▶ **Work instruction**
Restate, exactly and without pictures, the lines from the start of the listing below through the line holding "A small collection".

*** Begin section ***

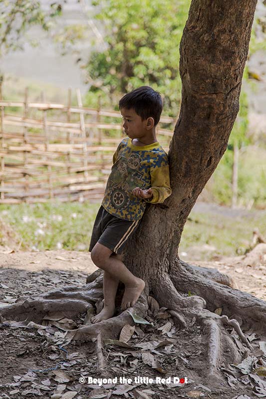 This boy was leaning on a tree and watching the commotion created by our visit.
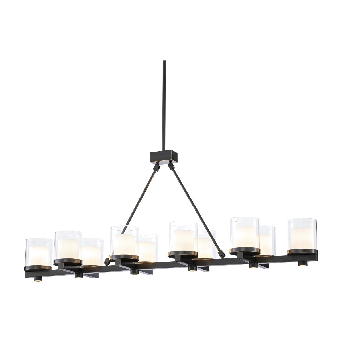 I love this chandelier for its clean, modern take on a classic design, making it versatile for both traditional and contemporary interiors. The bronze highlight finish adds warmth and richness, which pairs beautifully with neutral palettes or contrasting textures like velvet or brass accents. It works particularly well over dining tables, kitchen islands, or in spacious hallways where its elongated shape can make a statement. Practical styling tips include mixing the candle-style shades with other metallic accessories for cohesion or keeping it uncluttered to let its sleek lines shine. Keep the surrounding décor simple to let this piece be the focal point, and consider dimmable bulbs to adjust the ambiance as needed.
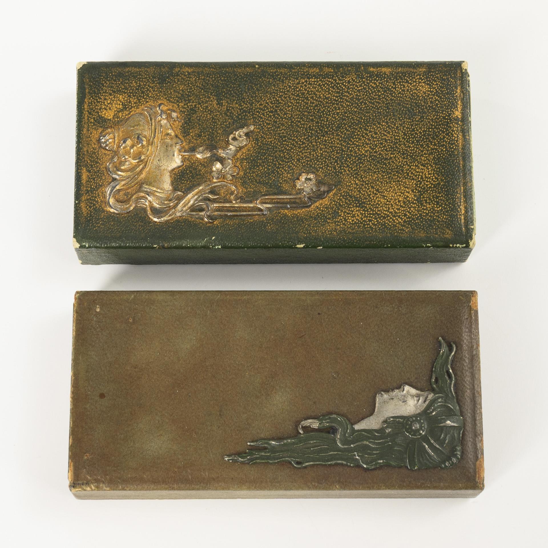 Schubschachteln mit Frauenkopf-Appliken und Reibeflächen an den Stirnseiten. Innen Fachung für Miniatur-Kerzenhalter und -kerzen mit Streichholz-Zündkopf sowie Siegellack. Geringe Alters-/Gebrauchsspuren.
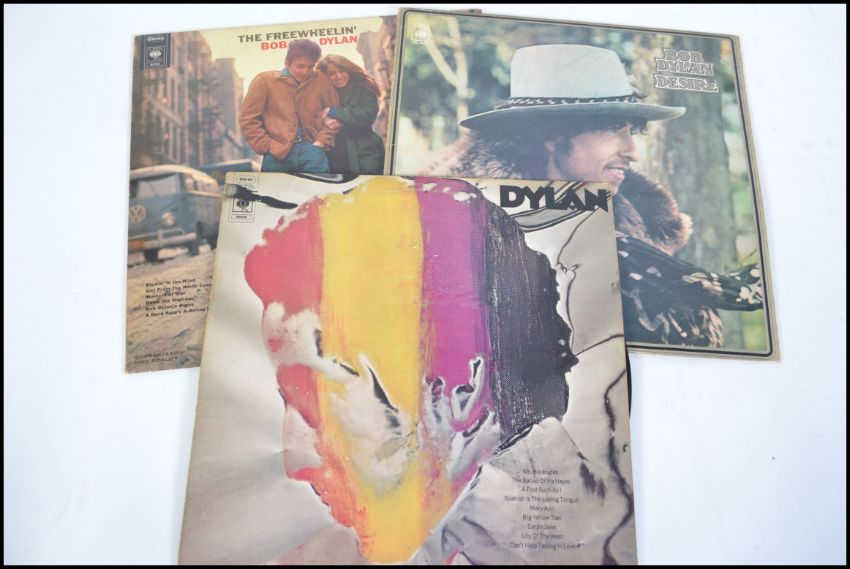 A small collection of long play LP vinyl records mainly by Bob Dylan to include Greatest Hits, Nashville Skyline, Bringing It All Back Home, Desire, Dylan, Freewheelin together with Joan Baez Farewell Angelina.
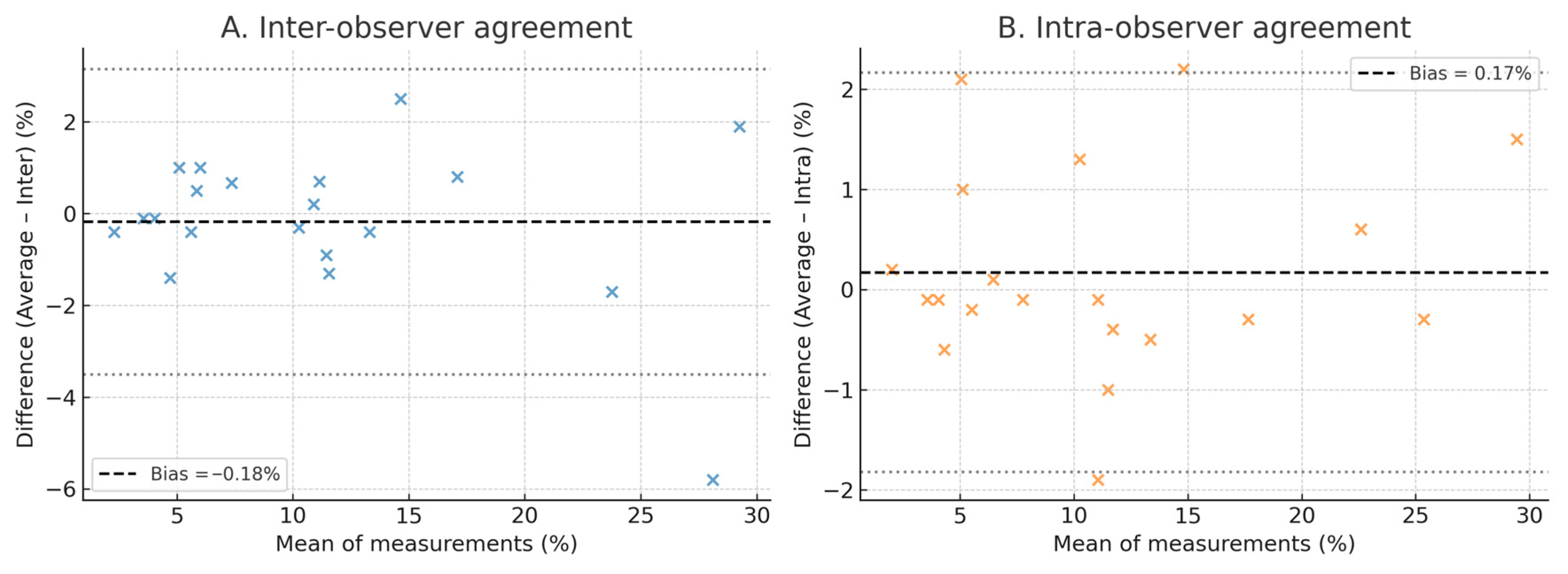 | Controls, n = 10 | Intra-observer | 10 | 0.99 | 0.55 | −1.71 to +2.81 | 0.82 | 5.2 | 15.8 |

*** End section ***

▶ **Expected output**
 This boy was leaning on a tree and watching the commotion created by our visit.
 I love this chandelier for its clean, modern take on a classic design, making it versatile for both traditional and contemporary interiors. The bronze highlight finish adds warmth and richness, which pairs beautifully with neutral palettes or contrasting textures like velvet or brass accents. It works particularly well over dining tables, kitchen islands, or in spacious hallways where its elongated shape can make a statement. Practical styling tips include mixing the candle-style shades with other metallic accessories for cohesion or keeping it uncluttered to let its sleek lines shine. Keep the surrounding décor simple to let this piece be the focal point, and consider dimmable bulbs to adjust the ambiance as needed.
 Schubschachteln mit Frauenkopf-Appliken und Reibeflächen an den Stirnseiten. Innen Fachung für Miniatur-Kerzenhalter und -kerzen mit Streichholz-Zündkopf sowie Siegellack. Geringe Alters-/Gebrauchsspuren.
 A small collection of long play LP vinyl records mainly by Bob Dylan to include Greatest Hits, Nashville Skyline, Bringing It All Back Home, Desire, Dylan, Freewheelin together with Joan Baez Farewell Angelina.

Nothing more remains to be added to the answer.